Like I said, the "feeling" comes at odd times.
We took the entire NC 1st Battalion (Confederate) up to a smallish reenactment in upstate NY years back. Just for grins, we all got out of the buses (about 150 of us) about a mile or so from the site. Got into uniform and heavy marching order, that is with blanket rolls, packs, etc, just like a unit on the move. We formed up in a column of fours, unfurled the colors, got the drum going and we marched the last mile to the camp with muskets at the right shoulder and fixed bayonets. I was near the rear of the column and the tramp of marching feet, the drums, the muskets swaying in time with the colors in the distance, yeah the feeling was there. We marched into the reenactment like that. The column halted, we formed into ranks and stacked muskets as proscribed in Hardee's. It brought the entire place to a halt.
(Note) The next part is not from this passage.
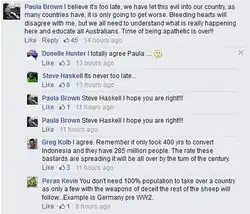 Pickering also appeared and spoke at anti-mosque rallies, and had it in for Bendigo Bank for shutting down the bank account of an anti-mosque group.[10]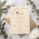 A modern and stylish champagne colored invitation for a graduation party. Text: She did it! with a heart. Decorated with a black graduation cap. Personalize and add a name and the details.

Later in that same reenactment, we gave the Yankees a thrill. We treated them to a full on, by the numbers bayonet charge complete with fixed bayonets and a Rebel Yell. Done correctly, it starts slow at the half step as the ranks form, then picks up speed and pace and is done at a dead run for the last 50 or so yards. Folks afterwards told us it was chilling to watch a gray tide tipped with steel start moving forwards faster and faster with the "Seccesh" screaming all the way.
Blue or Gray, nothing can be taken from those guys for sheer guts and courage.